How to Map State-Specific FOIA Exemptions to Python Dictionaries

This task sits inside FOIA Request Taxonomy Design: once a request is classified, the system must look up which statutory exemptions apply, and that lookup is only as trustworthy as the dictionary behind it. Here you build that dictionary as a validated, versioned compliance artifact rather than a hand-edited literal.

Scenario & Compliance Stakes

A records team automating responses across several states cannot hardcode exemptions as a flat {"code": "exempt"} literal. A single record segment routinely triggers overlapping carve-outs — personnel privacy, an open law-enforcement investigation, critical-infrastructure security, and inter-agency deliberative process — and each state words and numbers those exemptions differently. When that nuance is flattened into one lookup table, jurisdictional drift creeps in: a citation typo, a repealed subsection still marked active, or a legislative amendment that silently changes scope. Each of those defects propagates straight into the Security Boundary Configuration layer and the redaction engine, where it becomes either an unlawful disclosure or an over-withholding that fails a public-interest balancing test.

The statutory stakes are concrete. State open-records acts impose short, hard response windows — mirroring the federal 20-business-day clock under 5 U.S.C. § 552(a)(6)(A)(i) — so an automated decision must resolve the correct exemption deterministically and on the first pass. A wrong answer is not a cosmetic bug: releasing material an investigative-records exemption protects can compromise an active case, while withholding a record no active statute covers is an appealable denial.
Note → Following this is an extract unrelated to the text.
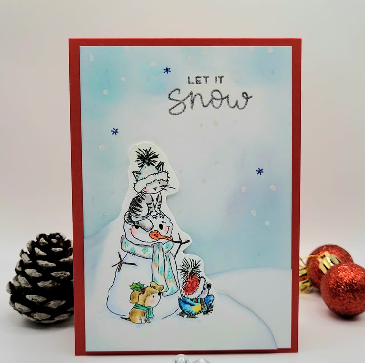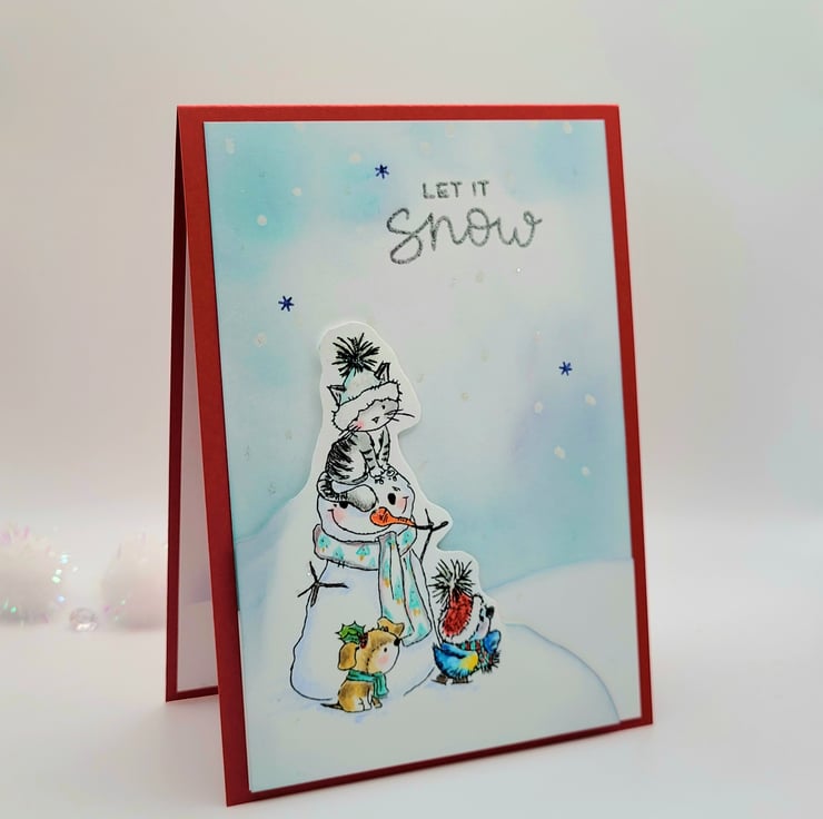 The card base is handmade from quality red card and the layered white panel has been embossed with snowfall and ink blended. A silver embossed sentiment reads LET IT SNOW. The cute characters are stamped and coloured with artist grade coloured pencils and cut out by hand. The little characters on the snow are popped up on slim foam tape for depth.
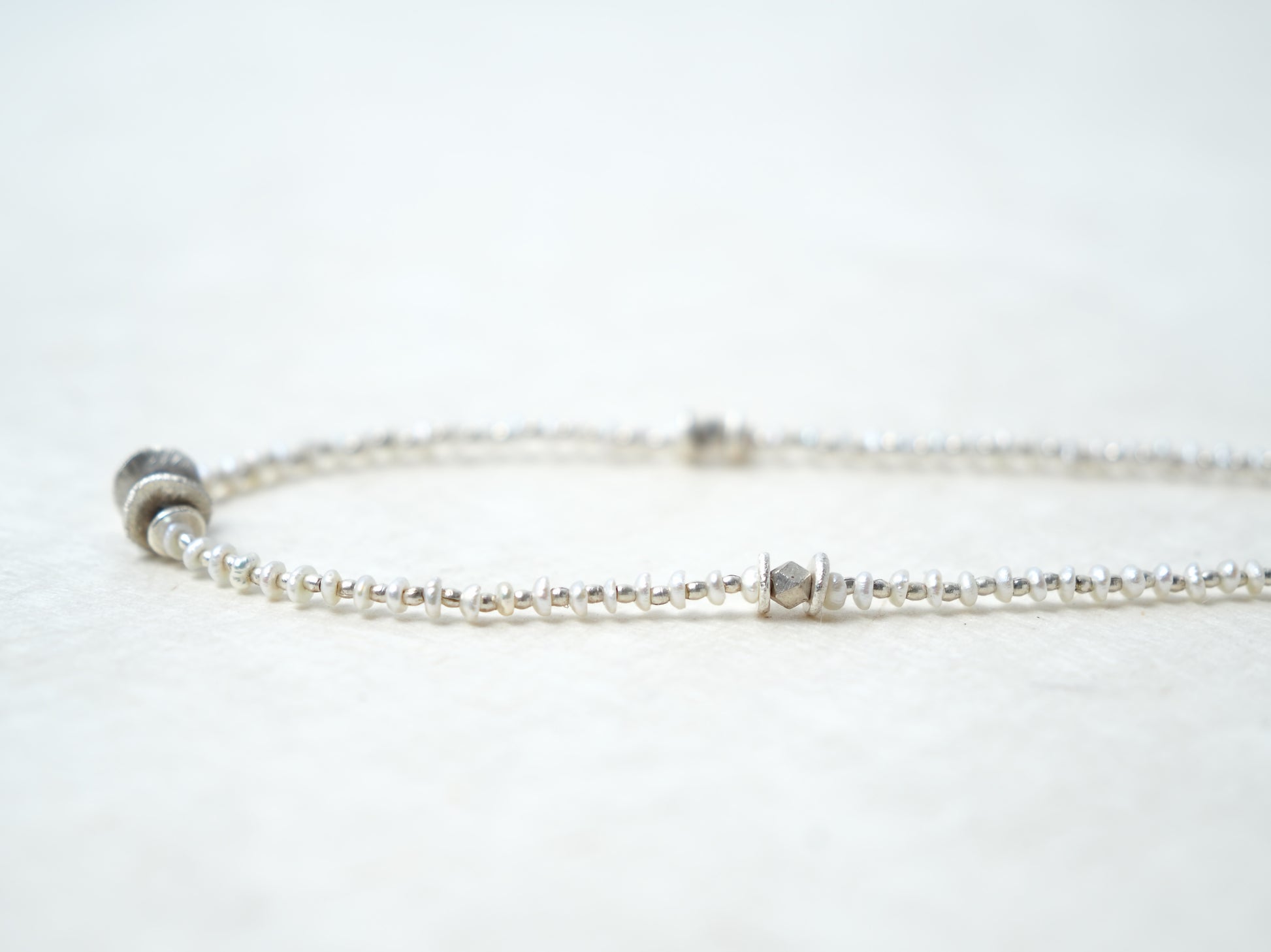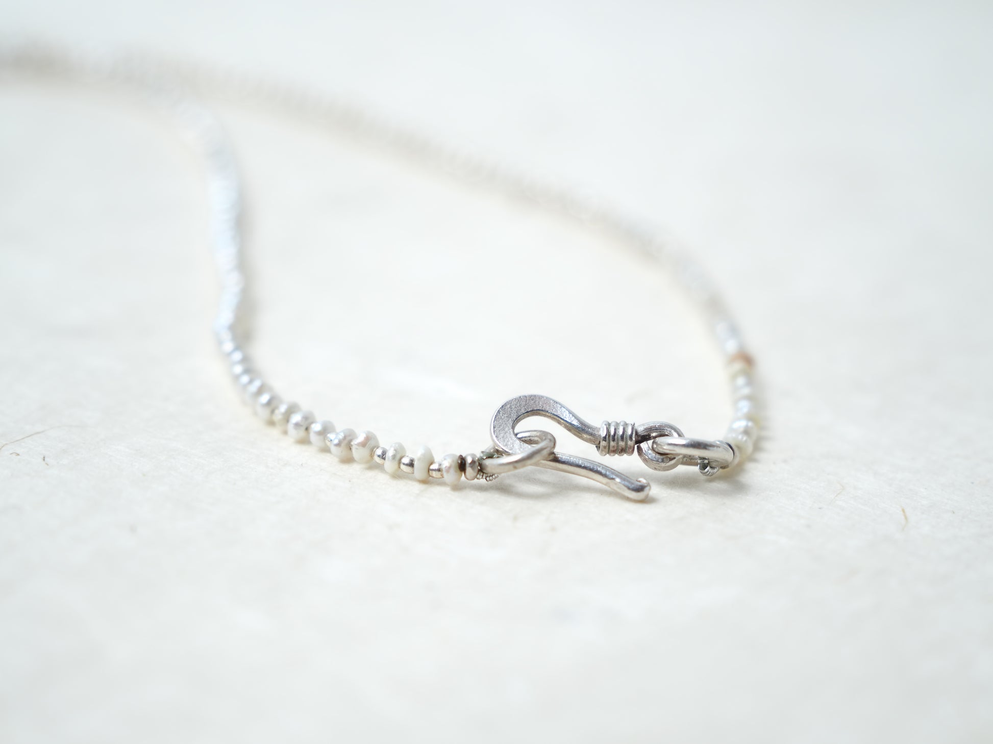 ネックラインには円盤のようにフラットなケシパールと極小シルバーを丁寧に連ねて、、

Treating the exemption map as versioned, validated configuration is what makes every disclosure decision defensible on audit.

Prerequisites

Python 3.11+ — for modern typing, enum.StrEnum, and datetime.date comparisons.
pydantic v2.5+ — declarative validation, frozen models, and model_validator(mode="after") for cross-field checks.
A source manifest in JSON or YAML — one file per jurisdiction, holding the raw exemption entries (statute reference, scope, dates, weight, boundary). Keep these under version control alongside the code.
Write access to a structured audit log sink — stdout JSON in development, forwarded to your SIEM or append-only store in production.
A controlled vocabulary for exemption_category — reuse the category labels established in your request taxonomy so categories line up with how requests are classified, not invented per state.

Architecture Overview

State exemption statutes are multidimensional, so the dictionary is nested three levels deep — jurisdiction_code -> exemption_category -> exemption_rule — and every terminal rule carries the immutable metadata an automated decision needs.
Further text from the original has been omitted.